Alternative fee regime

Although the Supreme Court found that the employment tribunal’s fee regime was unjust and prevented access to justice, the justices did not rule out the possibility of the government introducing a fee structure that would be lawful, with fees perhaps being at a lower level or on a different charging scale, which takes into account the potential value of the claim.

Although this is a possibility, we believe that there’s unlikely to be a new fee regime introduced as a matter of priority, especially while Brexit negotiations are ongoing. The government will also be aware that they have been successfully challenged once and they will therefore want to ensure that any new regime that is introduced is considered to be lawful, to avoid the embarrassment of being challenged for the second time.

Employment tribunal fees refund?

Not only did the Supreme Court scrap the fees regime, it also declared that all those who had paid fees would be refunded.

This has caused some concern, as it is possible that a claimant may be able to double recover, unless a sophisticated system is introduced to issue these refunds.

In many cases, when a claimant was successful at the employment tribunal, the respondent was ordered to pay the value of the claimant’s employment tribunal fees in costs. If a simple system of refunding all claimants their employment tribunal fees is introduced, many claimants will recover money which has clearly been paid to them by the employer.

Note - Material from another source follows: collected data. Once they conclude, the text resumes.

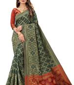 Green Woven Banarasi Cotton Silk Saree With Blouse
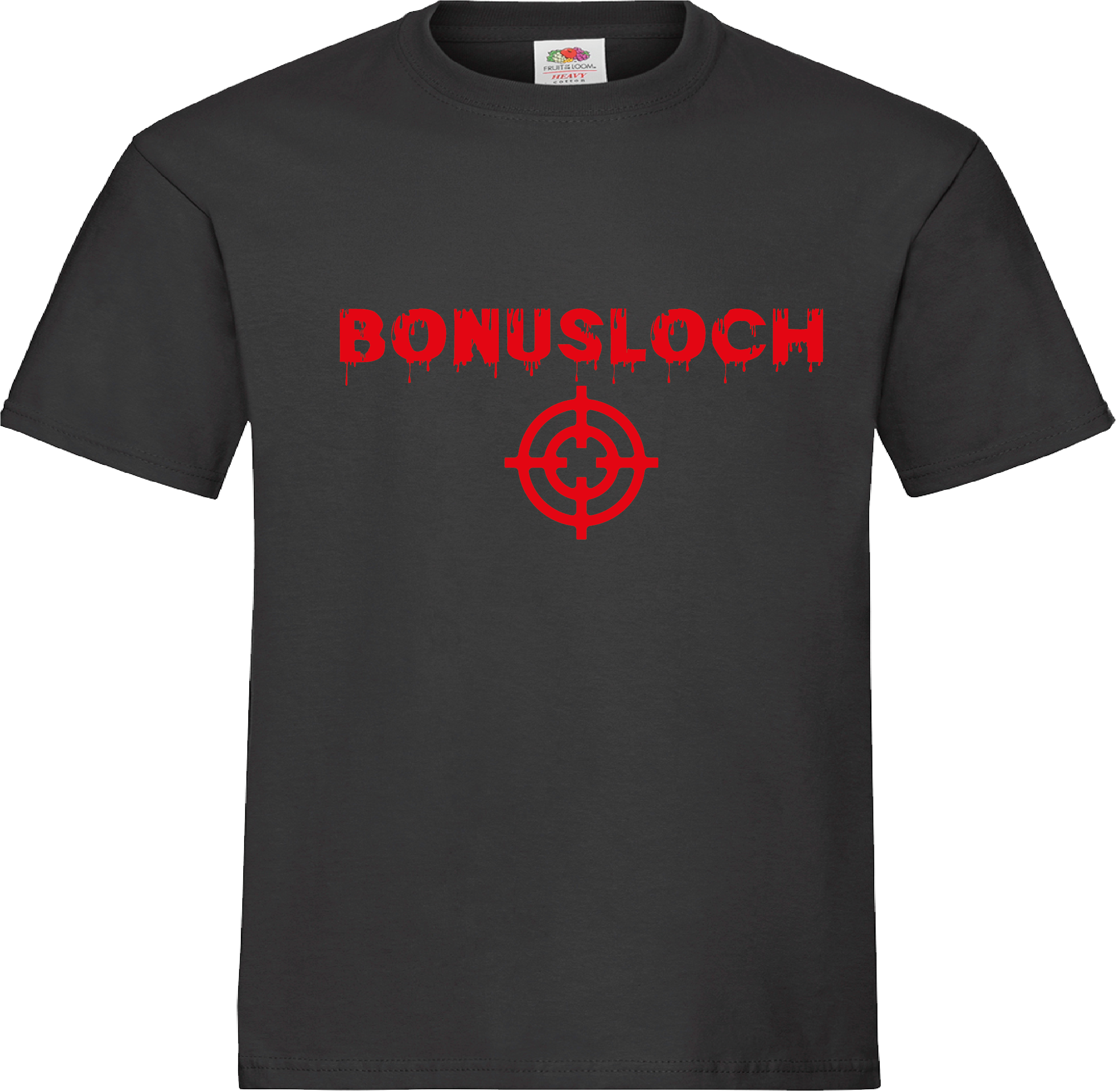 T-Shirt mit individuell in rot angefertigtem Aufdruck Bonusloch und Fadenkreuz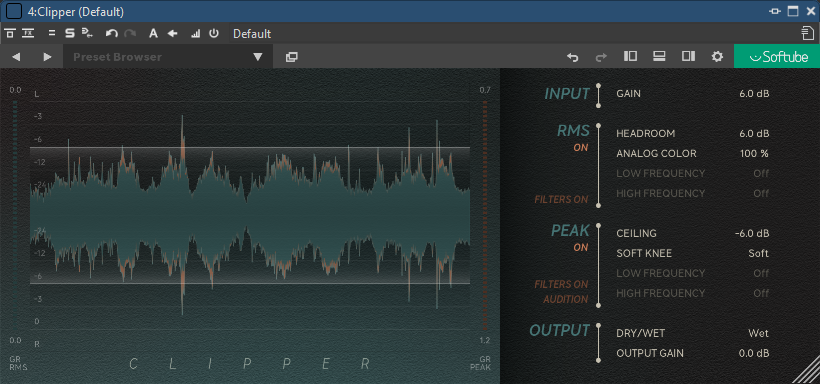 ダイナミクス調整 → Softube / Clipper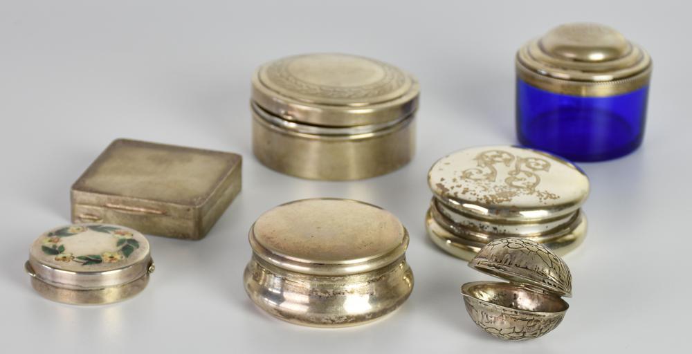 LOTTO DI SETTE SCATOLINE IN ARGENTO costituito da: Piccola scatolina a forma...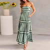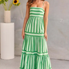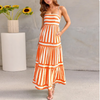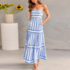 Deze luchtige maxi-jurk met speelse strepen is jouw ideale metgezel voor zonnige dagen. Of je nu flaneert langs het strand of geniet van een zomerse picknick, deze jurk combineert comfort met stijl.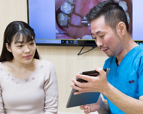 レントゲンや模型などの資料を取り、診断をして、診断結果を患者さんにお話しいたします。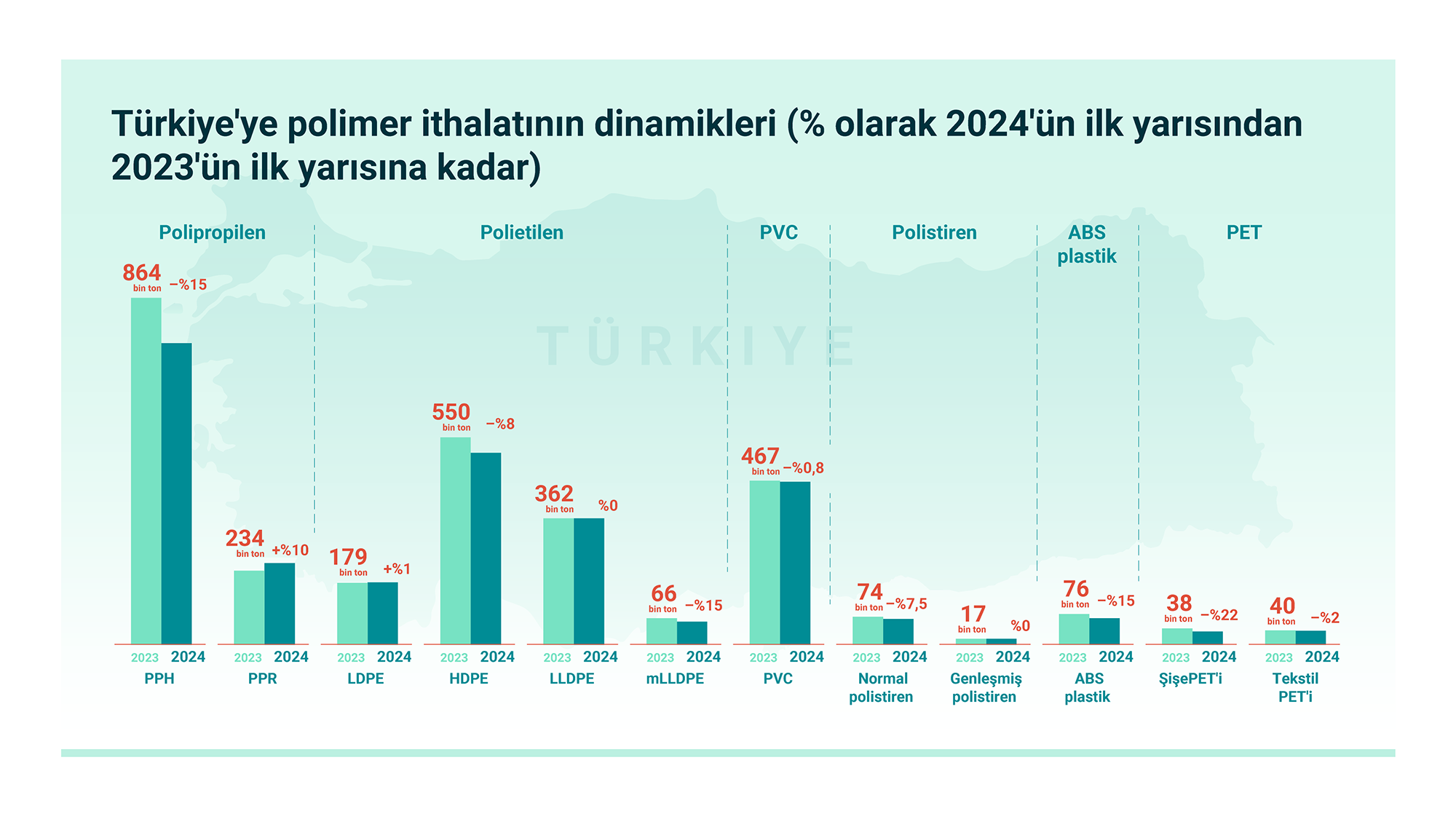 2024 yılının ilk yarısında Türkiye, 864 bin ton homopolipropilen (PPH) ithalatı gerçekleştirdi; bu rakam, 2023 yılının aynı dönemine göre yaklaşık %15 oranında bir düşüş göstermektedir.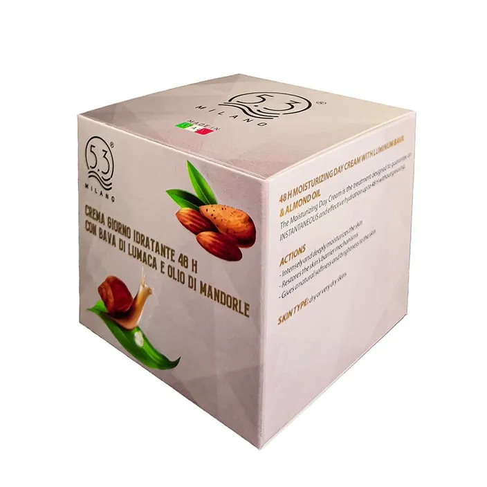 Crema Giorno idratante 48h Bava di Lumaca e Olio di Mandorla ideale per pelli secche o molto secche.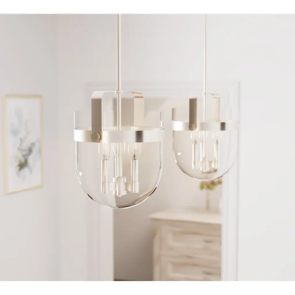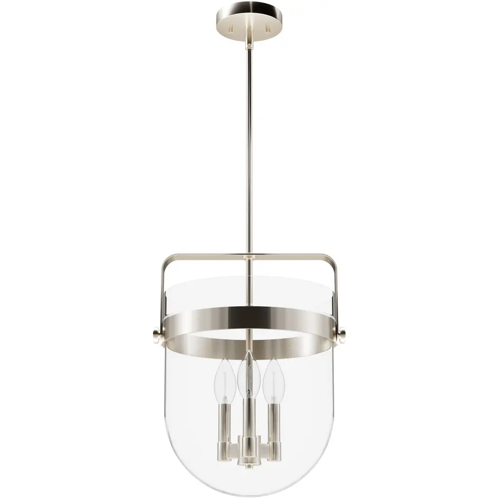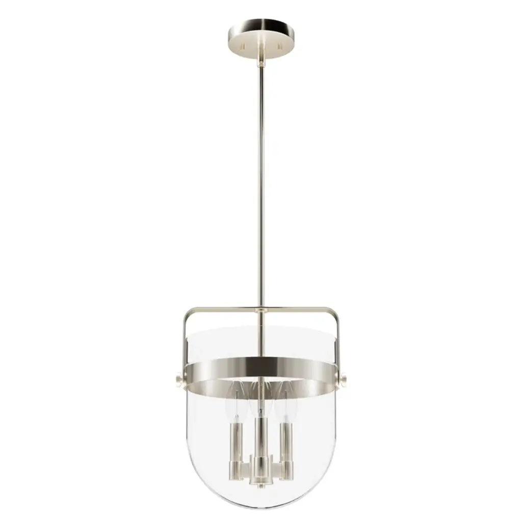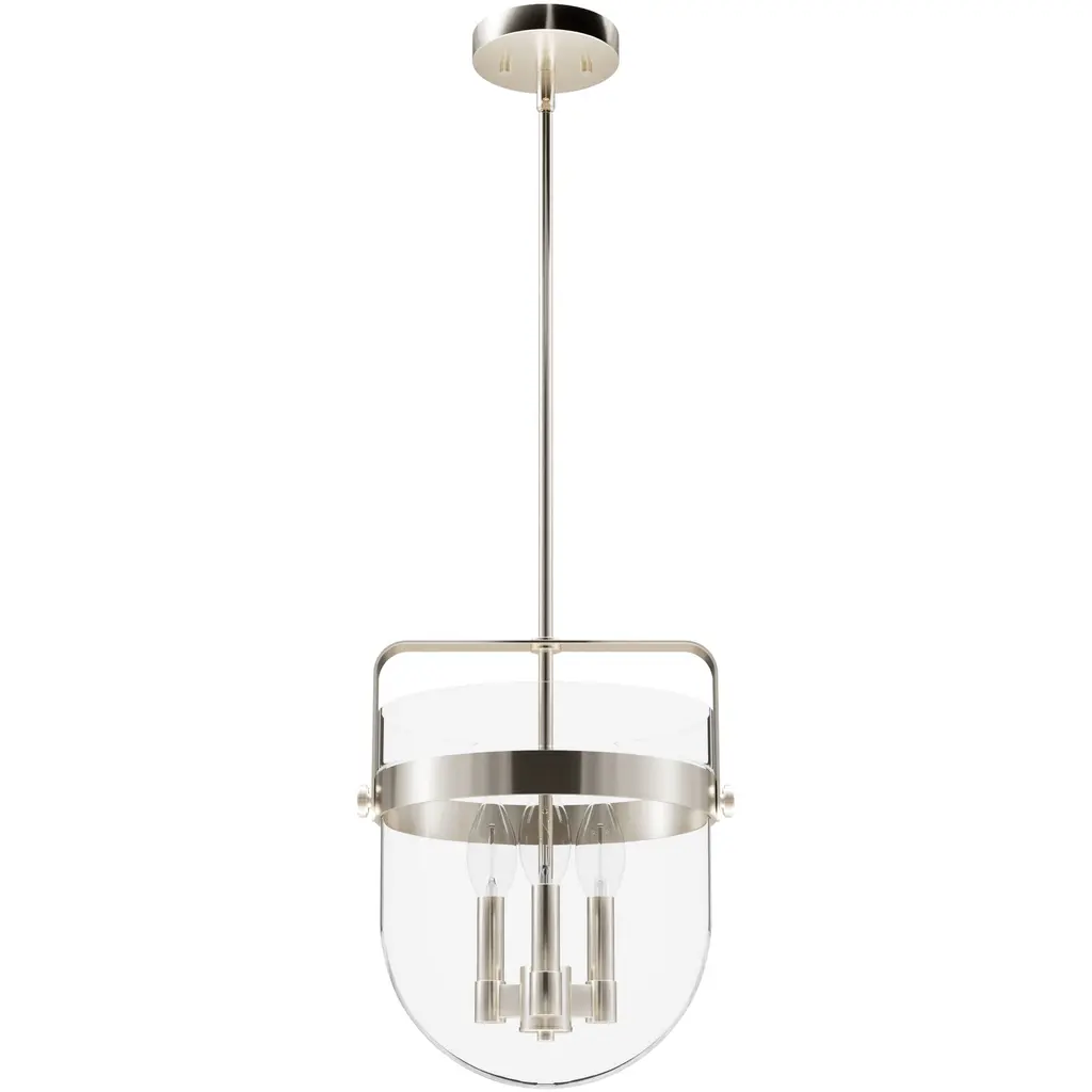 This 3-light pendant brightens any area, such as your dining table or over a kitchen island. Its streamlined silhouette adds a sleek, modern feel to any space. The fixture and the candelabra base are made from aluminum with a striking metallic finish, and it holds three bulbs (sold separately) to give you a soothing ambient glow anywhere. This pendant light's corresponding clear glass shade brings a more traditional vibe. It hangs with the help of a height-adjustable rod and a canopy that's compatible with sloped ceilings. Plus, it works with dimmer switches, moving you effortlessly from day to night.

Although no decision has been made as to how such refunds will be issued, careful consideration will need to be given to this stage of the process. A system will need to be introduced that obtains information from both parties, to clearly assess whether a refund is due. It is therefore likely that we will experience a delay in claimants receiving refunds, until an agreed process is announced.

Impact on the tribunal service

A reduction in the number of claims from 2013 and cuts within the judicial sector has led to the administrative services within the employment tribunal being slimmed down. With claims set to increase, this is likely to put a strain on the employment tribunal. Many claimants and respondents are likely to see delays in the case management of claims, as the employment service readjusts and adapts to the changes in volumes of cases.

Increased trade union activity

Although UNISON was unsuccessful at every court before the Supreme Court, the group’s ultimate success and the publicity it has attracted could encourage membership of trade unions and support for trade union activity. Without the support of UNISON, it is unlikely that this case would have been brought by an individual.

There remain some uncertainties about how the abolition of tribunal fees will impact on those involved in litigation, or even potential litigation, but one thing is certain: the process to bring a claim is now free, allowing access to justice for all and thus creating an increased risk to employers.

What next?

The case is a watershed for the government, employers, employees and the tribunal system. It is likely to mean increased claims, and that the balance of industrial power has shifted towards employees and trade unions, for the first time in many years.

Caroline Mathews is an employment and benefits associate at Mayer Brown.